Construction unions also employ CEQA, threatening to use its provisions to delay or kill projects unless developers agree to use union labor.
In response, housing advocates, including project developers, invoke the HAA, accusing opponents of violating its pro-housing provisions, which have been strengthened in recent years, and filing lawsuits or complaining to the state housing agency.
The housing conflicts have been particularly sharp in San Francisco, whose left-of-center Democratic politicians are often starkly divided by housing issues. Last year, their incessant squabbling manifested itself in a confrontation over a 27-story, 495-unit apartment building proposed for a former department store parking lot.

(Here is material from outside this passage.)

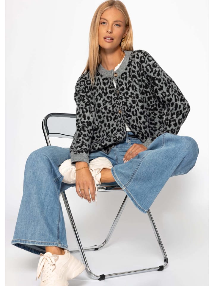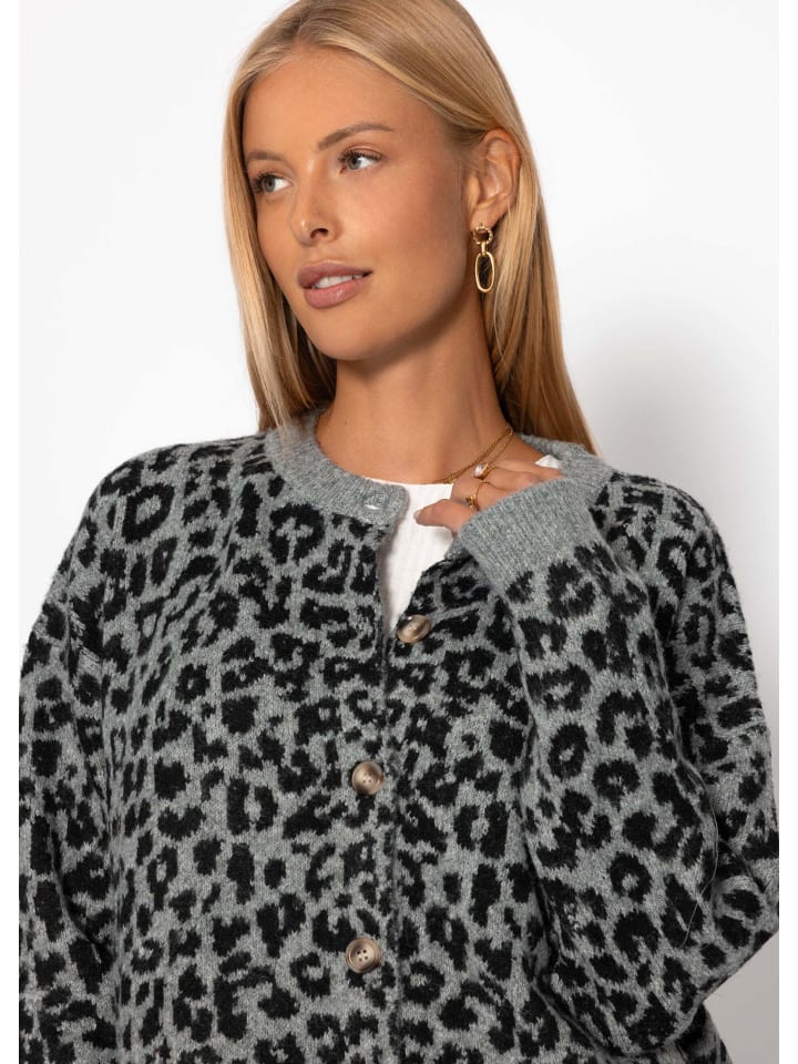 SASSYCLASSY Кардиган с леопардовым принтом серого цвета
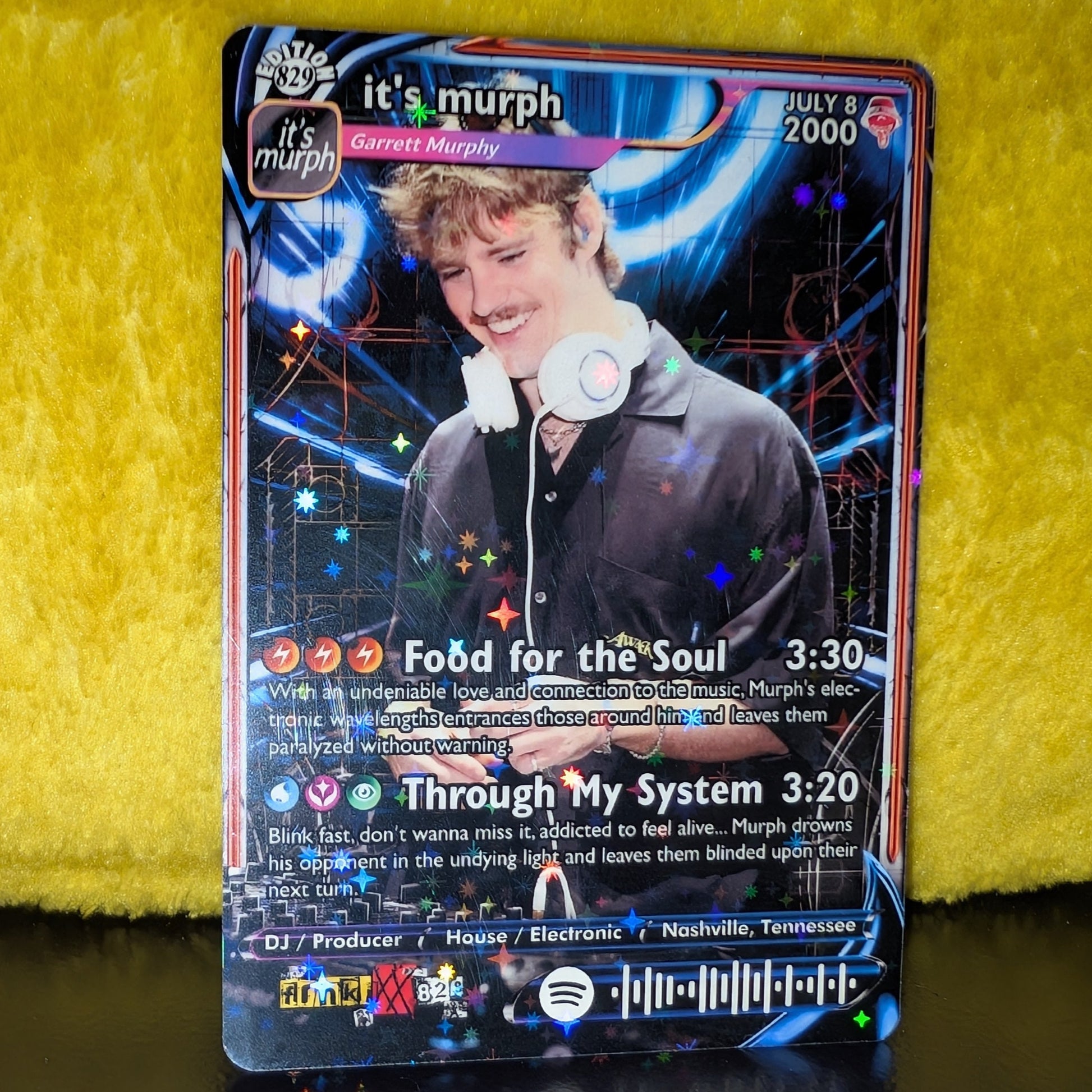 Features working Spotify code that when scanned, plays a song shown on the card!

After years of wrangling and modifications, the project at 469 Stevenson Street received CEQA clearance from the city’s planning commission, but San Francisco’s governing legislative body, the Board of Supervisors, voted 8-3 to overturn the commission action, agreeing with project opponents that it had potentially severe environmental impacts.

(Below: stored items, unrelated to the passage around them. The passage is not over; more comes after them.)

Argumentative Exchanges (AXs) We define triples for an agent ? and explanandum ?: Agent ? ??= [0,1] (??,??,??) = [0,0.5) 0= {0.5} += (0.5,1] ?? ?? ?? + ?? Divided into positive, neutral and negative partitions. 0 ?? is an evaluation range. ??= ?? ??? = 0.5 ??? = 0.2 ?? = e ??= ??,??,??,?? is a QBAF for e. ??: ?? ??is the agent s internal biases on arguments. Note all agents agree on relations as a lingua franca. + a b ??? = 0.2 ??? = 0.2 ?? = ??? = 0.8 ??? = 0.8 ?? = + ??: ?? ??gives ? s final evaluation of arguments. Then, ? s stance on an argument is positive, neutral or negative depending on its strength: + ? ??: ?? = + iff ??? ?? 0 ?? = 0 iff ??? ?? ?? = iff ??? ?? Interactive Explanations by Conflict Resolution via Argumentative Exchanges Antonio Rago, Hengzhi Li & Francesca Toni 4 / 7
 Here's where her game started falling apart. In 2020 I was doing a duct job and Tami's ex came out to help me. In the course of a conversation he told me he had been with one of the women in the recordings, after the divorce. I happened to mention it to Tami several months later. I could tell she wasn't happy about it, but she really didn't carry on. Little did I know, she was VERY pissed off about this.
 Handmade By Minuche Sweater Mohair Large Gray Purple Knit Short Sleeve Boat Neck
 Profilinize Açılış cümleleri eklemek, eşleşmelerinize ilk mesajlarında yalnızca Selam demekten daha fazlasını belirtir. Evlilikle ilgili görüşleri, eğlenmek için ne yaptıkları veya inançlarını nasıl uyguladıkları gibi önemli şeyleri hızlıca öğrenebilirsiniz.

The state Department of Housing and Community Development took an immediate interest, opening an investigation and sending a letter to the city, saying the board’s rejection of the project for “various vague concerns” could put it in violation of the Housing Accountability Act.
The board’s reversal was particularly galling to San Francisco’s state legislators, who have been particularly aggressive advocates of pro-housing policies. “When San Francisco acts like this, it sends a very negative message to the rest of the region,” state Sen. Scott Wiener told the San Francisco Chronicle. “We have been pushing other cities to do their share, to be better, so when San Francisco does something like this, it puts the proverbial turd in the punch bowl.”
The dustup over 469 Stevenson had another impact. Assemblyman Phil Ting, a San Francisco Democrat, introduced legislation that, if enacted, would make it more difficult for opponents of projects to use CEQA and easier for proponents to invoke HAA.
The measure, Assembly Bill 2656, zipped through the Assembly on a strongly bipartisan vote and is awaiting action in the Senate. It also enjoys support from dozens of pro-housing organizations, while environmental groups and construction unions are opposed because it would make CEQA a less potent tool.
A Senate analysis of the bill frames its effect on the growing conflict between the two laws, saying it puts local governments between “a rock and a hard place” with “conflicting mandates to approve new housing under the HAA, but to simultaneously adequately account for the environmental impacts of housing under CEQA.”
That’s quite accurate, and it once again indicates that it’s high time for Gov. Gavin Newsom and the Legislature to comprehensively overhaul CEQA, whose original purpose of protecting natural resources has been distorted beyond recognition.
Former Gov. Jerry Brown once called CEQA reform “the Lord’s work,” but was never willing to undertake the heavy lifting it would require.